Abu Saleh Walid K, Aljabbari Odeaa, Ramlawi Basel, Ramchandani Mahesh
Houston Methodist DeBakey Heart & Vascular Center, Houston Methodist Hospital, Houston, Texas.
Methodist Debakey Cardiovasc J. 2015 Jan-Mar;11(1):48-50. doi: 10.14797/mdcj-11-1-48.
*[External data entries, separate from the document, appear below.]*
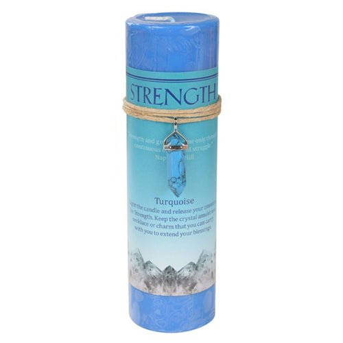 Light the candle and release your intentions for Strength. Keep the Turquoise amulet as a necklace or charm that you can carry with you to extend your blessings.
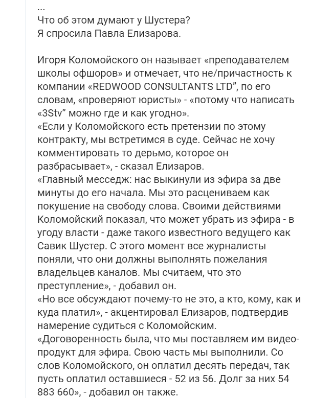 Кроме того, журналистка спросила мнение партнера Савика Шустера Павла Елизарова. Игоря Коломойского он называет "преподавателем школы офшоров" и отмечает, что не/причастность к компании "REDWOOD CONSULTANTS LTD”, по его словам, "проверяют юристы" - "потому что написать "3Stv" можно где и как угодно".
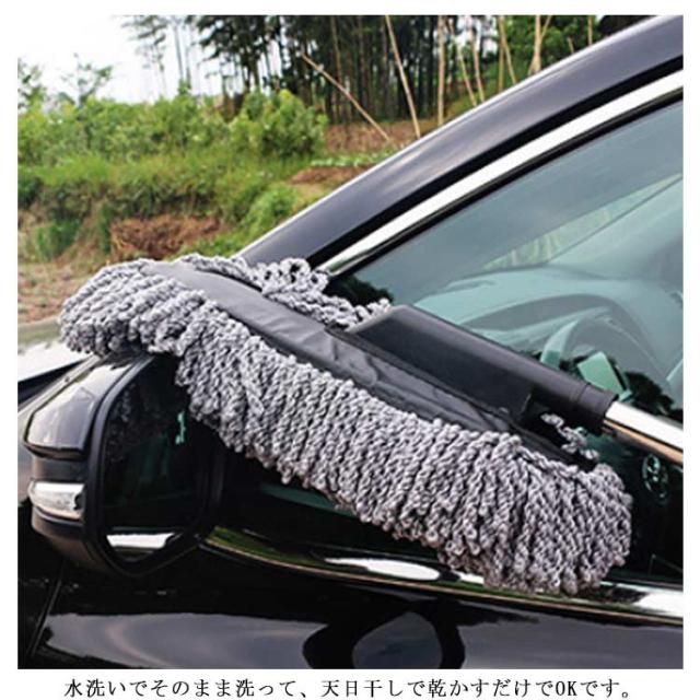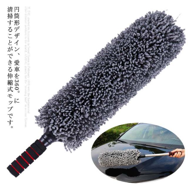 伸縮モップ 洗車用 車用ほこり取り 伸びる 47cm 洗える 送料無料 ハンディモップ 洗車ブラシ ハンドモップ 伸縮 洗車用品 傷防止 掃除道具 モップダスター 軽量 収納ケース付き
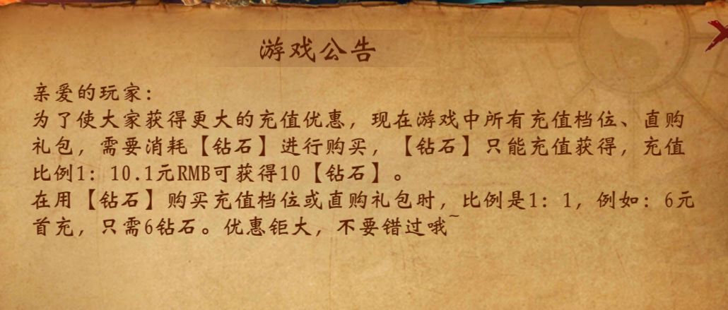 人民币充值钻石比例是 1:10 ,游戏内所有物品的标价格都等同于钻石数量。也就是和老版本相比,打1折。这个不像别的打折版本,先把游戏内价格膨胀十倍,再给你打1折,至少测试内容来看,没有多的套路,道具没有涨价。比如月卡以前30,现在3块钱就能买。
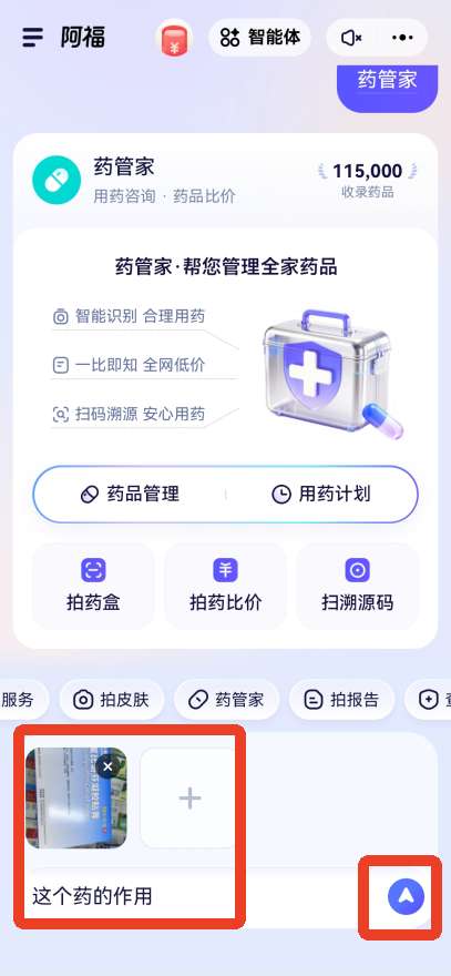 3、图片上传完成(cheng)后你可以输(shu)入自己(oneself)的問趧,比(bi)如这个药的用途,点击(dianji)右边箭头发送。
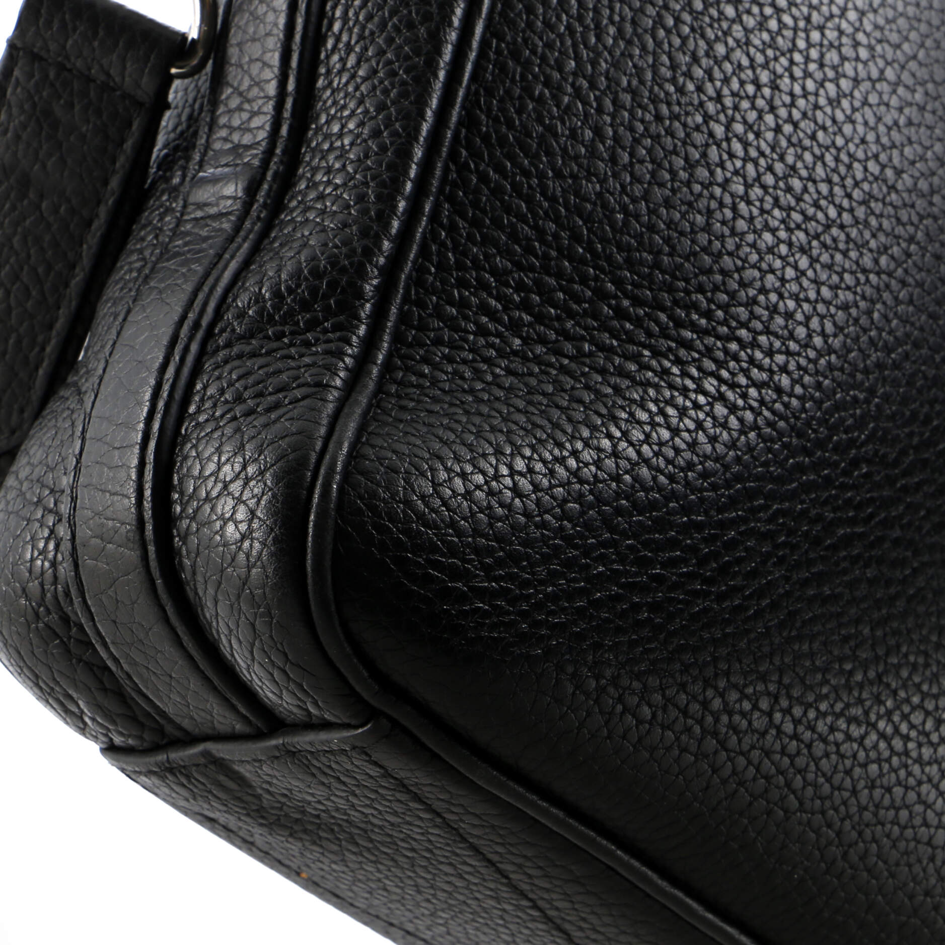 Condition: Very good. Creasing, wear, minor scuffs and marks on exterior and strap, moderate wear on base corners and handles, loss of shape on front handle. Cracking on handle and strap base trim wax edges, wear and minor marks in interior, scratches and slight tarnish on hardware.
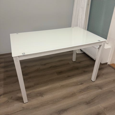Yhdellä sivulla lasipinnan reunassa pientä nirhaumaa, mutta ei näy ylhäältä katsottuna.(katso kuva)
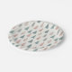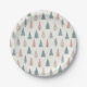 Minimalistische Teller aus Weihnachtspapieren mit handgezeichnet pastellfarbenen Winterbäumen.
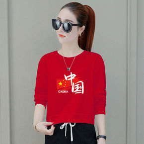高腰短款红色卫衣女宽松本命年2022春秋新款减龄印...
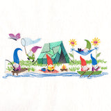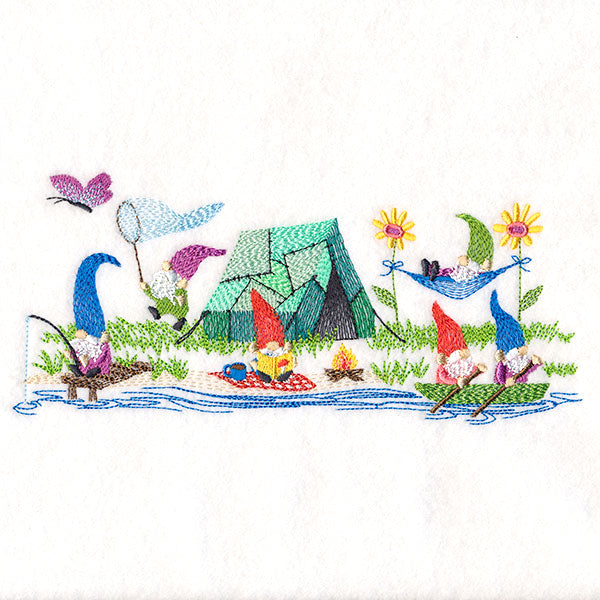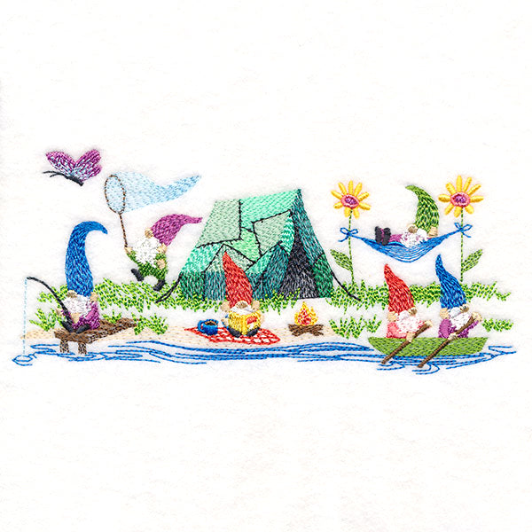 fishing gnome clothes, butterfly, butterfly net gnome hat, hammock gnome clothes, right boat gnome clothes, flower centers
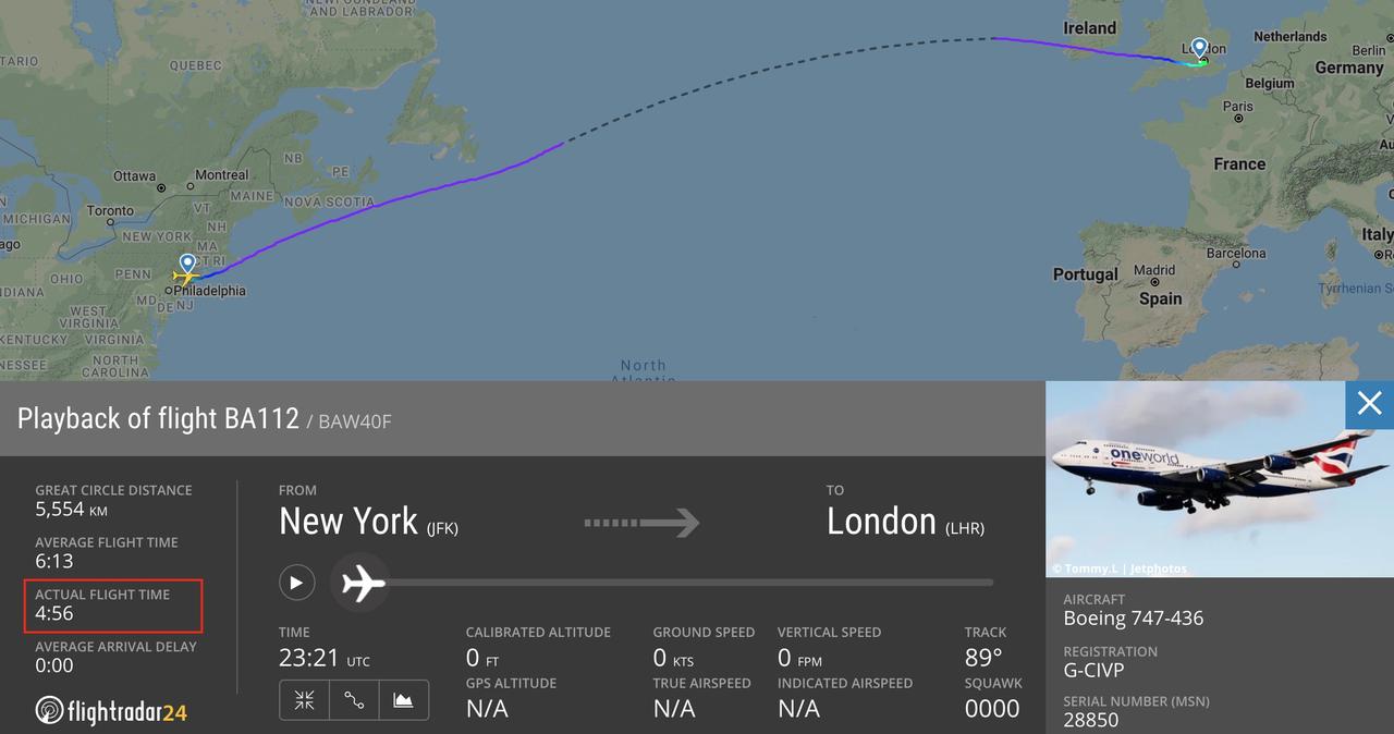 ZeroHedge - Feb 11th 2020 2:45am EST Storm Helps British Airways Break Transatlantic Record It takes a conventional passenger airliner 6 hours and 13 minutes to fly from New York to London on average, according to flight-tracking website Flightradar24. On Sunday morning, a British Airways Boeing 747 completed the journey in just four hours and 56 minutes, smashing the previous record for a conventional […]

We report the case of a 66-year-old woman with no significant past medical history who presented to the Emergency Department at Houston Methodist Hospital with 24 hours of chest pain. An electrocardiogram was done, an electrocardiogram confirmed a posterolateral ST elevation myocardial infarction. An immediate and successful percutaneous coronary intervention of a totally occluded ramus intermedius was performed. Six hours later she developed pulmonary edema, cardiogenic shock, severe acidosis, and anuria. Echocardiography showed severe mitral regurgitation due to a ruptured anterolateral papillary muscle, and emergency surgery revealed necrosis of this muscle. A bioprosthetic mitral valve was placed, and extracorporeal membrane oxygenation was needed for 3 days. This is a rare mechanical complication of myocardial infarction, which usually affects the posteromedial papillary muscle. The patient subsequently made a good recovery. One month later, just prior to discharge home, the patient developed pneumonia and sepsis, and she expired from multiorgan failure.
我们报告了一例66岁女性病例,其既往无重大病史,因胸痛24小时就诊于休斯顿卫理公会医院急诊科。进行了心电图检查,心电图证实为后外侧ST段抬高型心肌梗死。对完全闭塞的中间支立即进行了成功的经皮冠状动脉介入治疗。6小时后,她出现了肺水肿、心源性休克、严重酸中毒和无尿。超声心动图显示由于前外侧乳头肌破裂导致严重二尖瓣反流,急诊手术发现该乳头肌坏死。植入了生物人工二尖瓣,体外膜肺氧合治疗持续了3天。这是心肌梗死一种罕见的机械并发症,通常影响后内侧乳头肌。患者随后恢复良好。一个月后,就在出院回家前,患者发生肺炎和脓毒症,最终因多器官衰竭死亡。